§ Exercise prompt
Go through the records below from the first line and print each one exactly, stopping after the line that contains "2022 카타르 월드컵 8일차 경기결과 [E F조]". Do not print pictures or anything past that line.

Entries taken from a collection
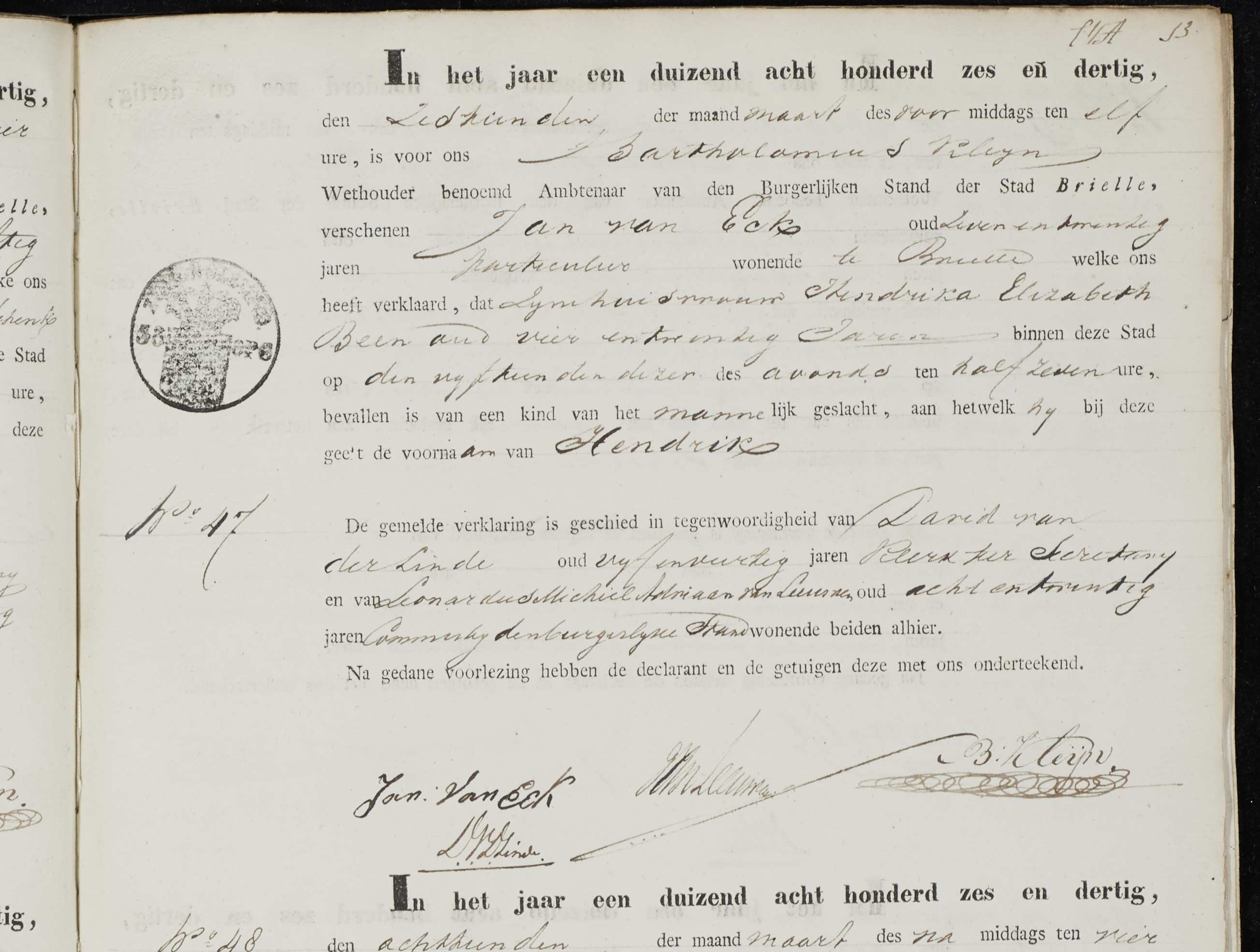 | WIE22814464. | Geboorte Hendrik van Eck, Archiefnaam: Streekarchief Voorne-Putten, Archief: 084, Deel/Akte: 47, Inventarisnr.: 249, Bron plaats: Brielle, Bron datum: 15 mrt 1836, Bron type: BS Geboorte, URL: https://www.wiewaswie.nl/nl/detail/22814464 (WIE22814464) |
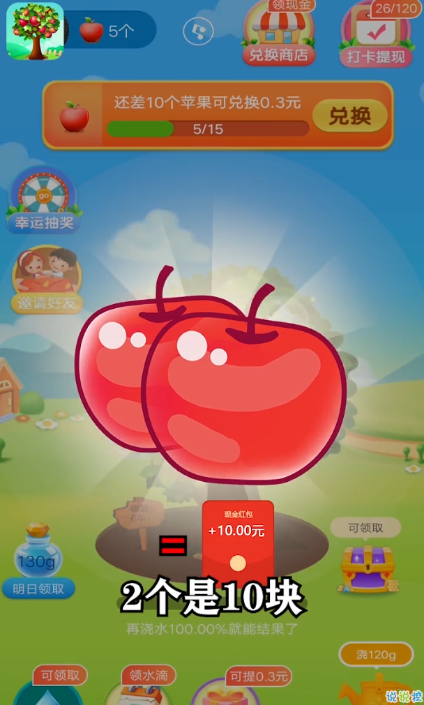 2.水果成熟你就能兑换相应的红包,除了获得红包,您还可以免费获得水果。
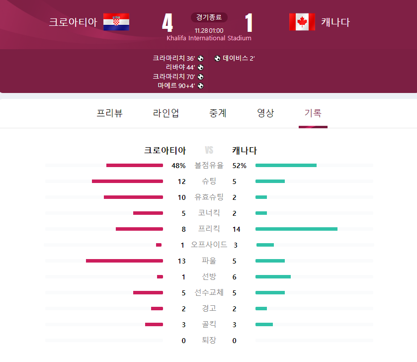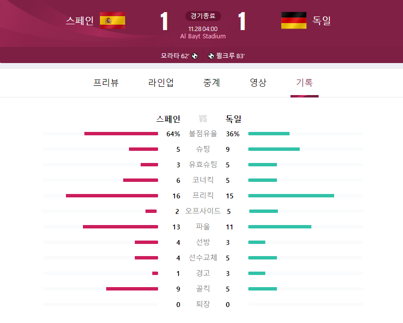 2022 카타르 월드컵 8일차 경기결과 [E F조]
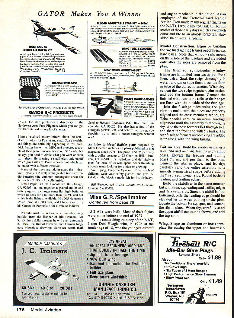 Free Flight Sport&Scale Bill Warner TOGETHERNESS Flying Aces Nats definitely biggie 1986 no doubt about Thousands years modeling experience gath ered green grass favorable winds hard act follow August however rather obscure all-American town Tangent OR budding Scale event Northwest Free Flight Champs provided interesting counterpoint Can picture Scale meet Rubber Power fly together Scale judge makes house calls check out models camaraderie level Scale endeavor unsurpassed first heard Oregon bash Bill Gif fen part Canadian contingent descends Tangent yearly battle Yanks Giff CD Canadian Nats last summer painted such glowing picture event decided see could great better focus meet Grell Farm home legendary Al Dee Grell hosts some finest Free Flighters ever drove hundreds miles share airspace expertise stories Friday night before meet tents go up Grell lawn preparation models testing meeting new friends greet ing old ones order day Included festivities tour Als hangar houses assortment planes rang ing Culver Falconair Com monwealth Aeronca Hes building Pietenpol another shed too Its dream redblooded American Junior Birdman have very own airstrip hangar right outside door get bed late Dawn Saturday Cars campers head flying field couple miles down road ground covered straw awaiting torch rapid-bum trucks weather right Sometimes meet lucky flying takes place scorched earth year annual conflagration kills rust fun gus has happened yet Free Flight Endurance models majority air still weather magnificent holds weekend presence water truck underlines need care dethermalizer fuses 72 Modei Aviation Bill Gaiser demonstrates used get em up Good Old Days Model 1911 Caudron semi-scale Testors 049 power great flier i -I Larry Olson Kent WA veteran CoxCapt Doug HannayVancouver BC Pee Wee-powered Fokker DR-i Sterlbeautiful Waco SRE Earl Stahl plan ing kit Its flying 11 yearsand awhich available John Pond PO full tank timelBox 90310 San Jose CA 951 09-3310 Bobby Haight Las Vegas NV brought couple planes Champs electric-powered Savola-Marchetti S M81 L testing Power two Astro 02s 035not enough oomph Northrop Gamma Above rubber ship 1933 GHQ Models plans very realistic flier N 1 o superior Scale ships seen 86 Northwest FF Champs left 1 st-place Etrich Taube Greg Davis Port Coquitlam B C D C 049 diesel powerwas just right low-and-slow flights 54-in-span Taylororaft R started Comet kit loadsof extras added builder Rio Dittman plush interior scale-size Flying magazine seat Hard tell full-scale plane Second place Gorgeous Bellanca Aircrulser model L exhibits Museum Flight Boeing plant Seattle must-see youre area Gift Giften Surrey BC took breather running events NW FF Champs get flight Jumbo Rubber Currie Wot bipe R Prototype English home-built model terrific flier steep climb Scale sort afterthought meet goes both days whenever feel like flying Scale Director Foggy Morehead looks over models wherever set up informality name game Cutthroat competitors would get ulcer meet rest us heck great time interesting modelers scene Bill Gaiser Lyons OR Bills first serious Scale model four-foot Curtiss Robin powered engine often seen today IMP ES-2 twin purchased five bucks won contortionist talent contest back Thirties engine powered calcium carbide dry ice worked putting powdered car bide dry ice brass generator tank operating release valve let water engine instantly pressurized purpose dry ice buffer explosive ten dencies acetylene gas produced car bide worked though todays C02-only motors lot safer Bill flying red-silked 1911 Caudron flew over field used alr model box Fokker DR-i easiest model make fly well yet Larry Olsons 11-year-old model Sterling kit has literally hours alr-time five-minute cruises low alti tude reminiscent WW movie footage Dreidecker once flew fine until engine cut torque counter act some built-in warps snap-roll screaming dive returned kit form before could say Leapin Lizards Things like keep humble Another humbling experience Ric Ditt mans outstanding Tayloreraft side-by-sider Comet kit finished doing up resembled kit model about much Lamb orghini Countach resembles Ford Falcon plush interior inspection panels miniature copy Flying magazine seat spring-centering tail wheel superb level craftsmanship coupled near-perfect scale flight would make winner Scale meet world except Greg Davis Etrich Taube factory plans model often beaten has elegance interest ing details flight has seen believed Complete pilot bombardier Taubes ready museum almost too good First place scale almost anti climactic though Dittmans T-Craft just hairs breadth away second nicest fliers site Bobby Haights Northrop Gamma rubber ship featuring machined aluminum hub concealed free wheeling adjustable-pitch bottle-plastic blades bench ailerons may have secret perhaps 1933 GHG Models plan lots space structure model definitely performed well Bobby also gorgeous Savola-Marchetti S M81 trimotor two Astro 02s 035 showed some tip-stall tendencies retired early Capt Doug Hannay very neat Earl Stahl Waco SRE rubber ship popular Scale subjects time plans still available through John Pond other end size spectrum Giffens huge Currie Wot biplane really impressive flight climbing out like proverbial homesick angel Saturday capped off immense potluck barbecue sponsored Willamette Modelers flying stories improved evening wore Sunday almost replay Saturday fine weather countless fine flights planes did hit ground saved luxurious staw padding Some memorable moments included beContinued page 175 February 1987 73 Gee Bee lava lamp sits atop DickAllens TV set up Canada tracking retrieval place usuallyincorporated flashlight bulb battery greenglowing chemical light configurations test made strobe its twin pencells AA-size batteries installed bottom Fox 45-powered 1200-sq-in Show-Off resultant light blinked through door-like transparent acetate sheet protected ar rangement fuel spray dirty desert residue Upon launch Ron relates strobe quite effective bri
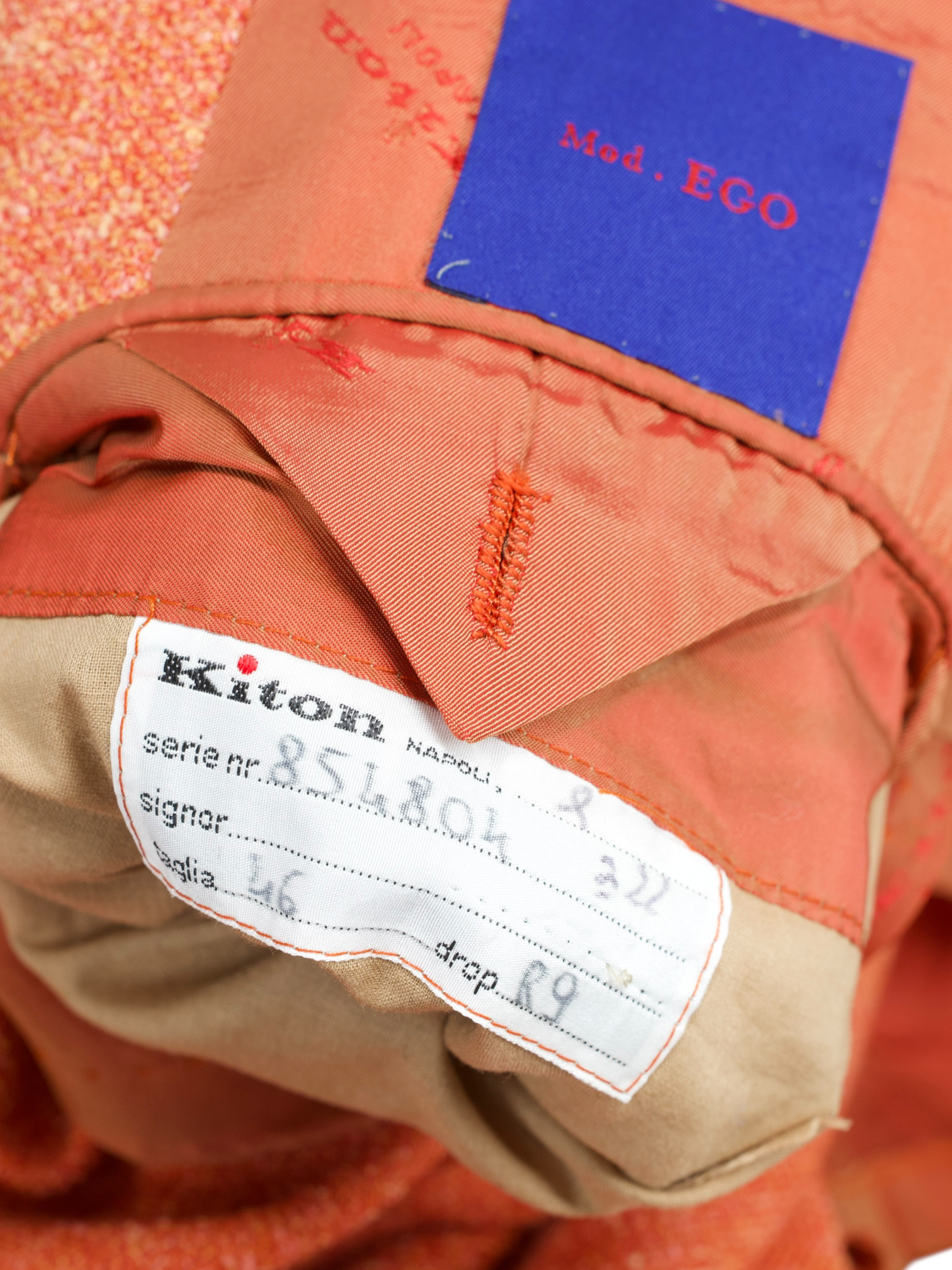 The Mod. Ego designation is used for Kiton’s more modern, trimmer interpretation of the Neapolitan jacket. In practical terms, it tends to sit closer through the chest and shoulders, with a cleaner waist and a slightly sharper overall outline than the roomier, more traditional cuts in the range. It is not about squeezing you into something skinny, but about taking the brand’s trademark softness and giving it a more contemporary line, especially flattering in lighter, more textured cloths like this cashmere and silk and linen mix with a touch of stretch. The fully lined build also matters here: it helps the jacket hold its shape and keeps the fit looking intentional, even when the fabric itself is chosen for comfort and ease. Discover the elaborated sartorial details below.
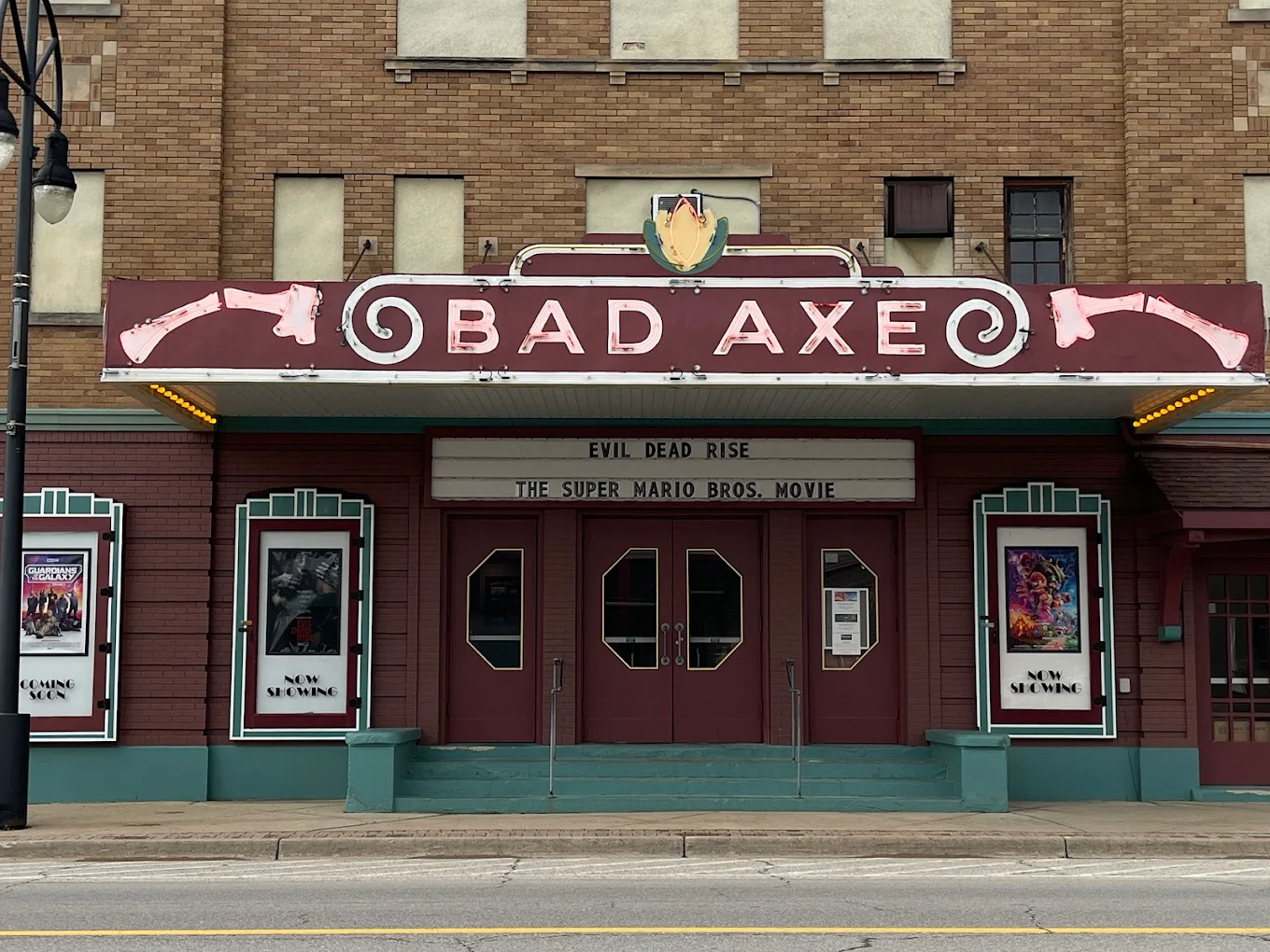 Located at 309 East Huron Avenue, Bad Axe, MI 48413, the Bad Axe Theatre is a historic, two-screen cinema that has been a local landmark since 1916. Housed in a charming Art Deco building, the theater features one large auditorium and a smaller screening room, offering both first-run and classic films in a nostalgic, family-friendly atmosphere. With affordable ticket prices, traditional concessions (including refillable popcorn), and a reputation for friendly service, it serves as both an entertainment venue and a community gathering space. The theater also supports local events and offers gift certificates, making it a cherished part of the Bad Axe community.
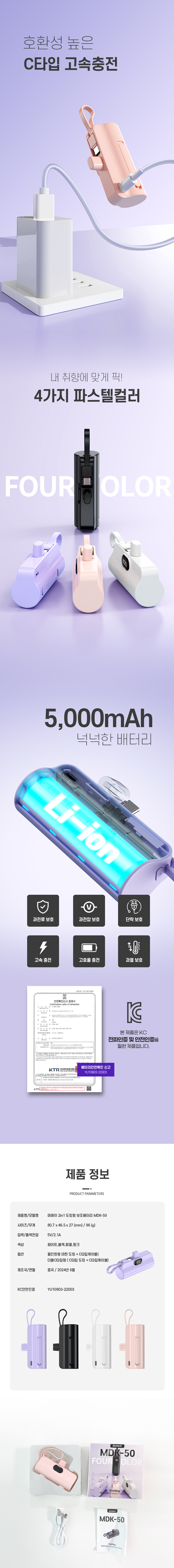 엑티몬 일체형 보조배터리 5000mAh(C타입/8핀)
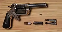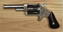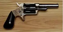 The Slocum Revolver in cal. 32 rimfire was an attempt to circumvent the Rollin White patent. This 5-shot pocket revolver was made 1864 to 1864 by the Brooklyn Arms Co, Brooklyn, New York. Total quantity is estimated to have been more than 10,000 units.[1]
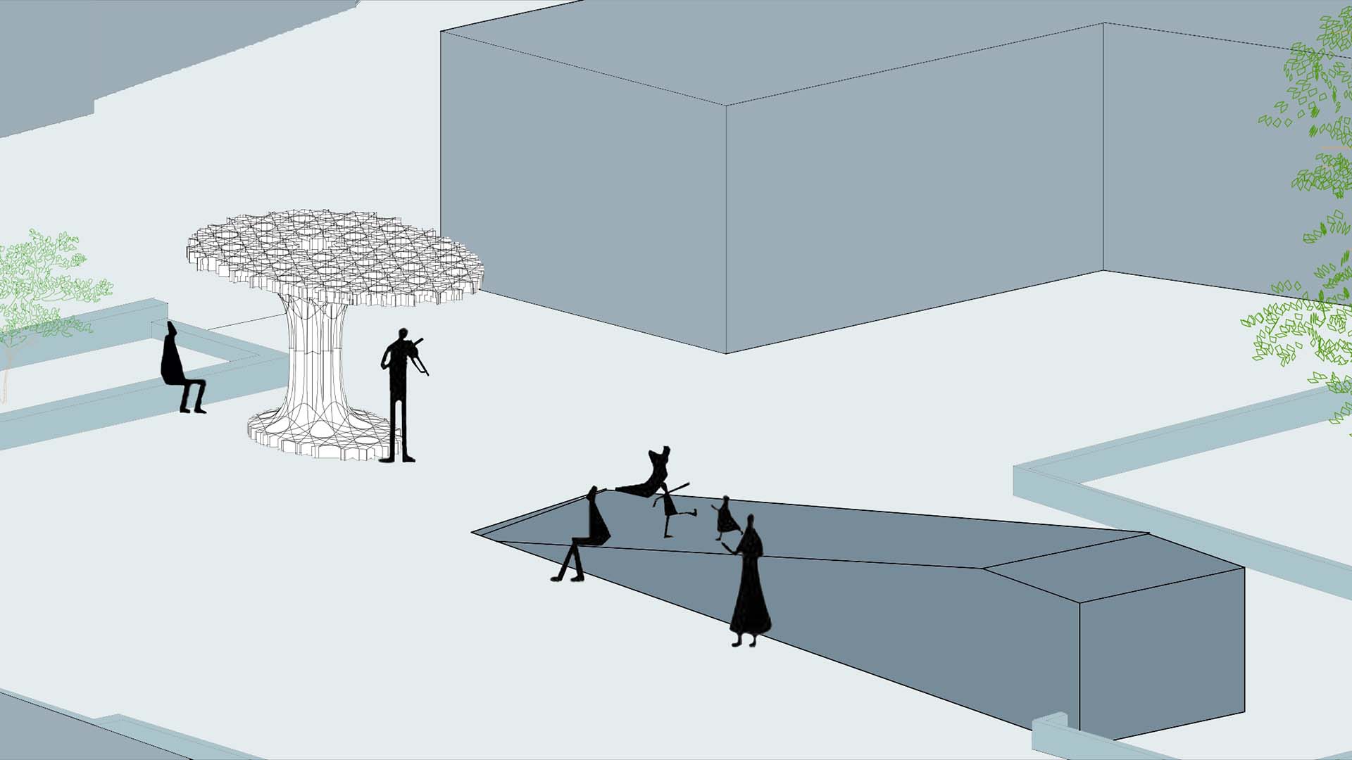 These elements then cast geometrical shadows and creates a playful shade for the pedestrians yet look native to them since the geometry is derived directly from their urban context and ornaments.

§ Result for this exercise
 | WIE22814464. | Geboorte Hendrik van Eck, Archiefnaam: Streekarchief Voorne-Putten, Archief: 084, Deel/Akte: 47, Inventarisnr.: 249, Bron plaats: Brielle, Bron datum: 15 mrt 1836, Bron type: BS Geboorte, URL: https://www.wiewaswie.nl/nl/detail/22814464 (WIE22814464) |
 2.水果成熟你就能兑换相应的红包,除了获得红包,您还可以免费获得水果。
 2022 카타르 월드컵 8일차 경기결과 [E F조]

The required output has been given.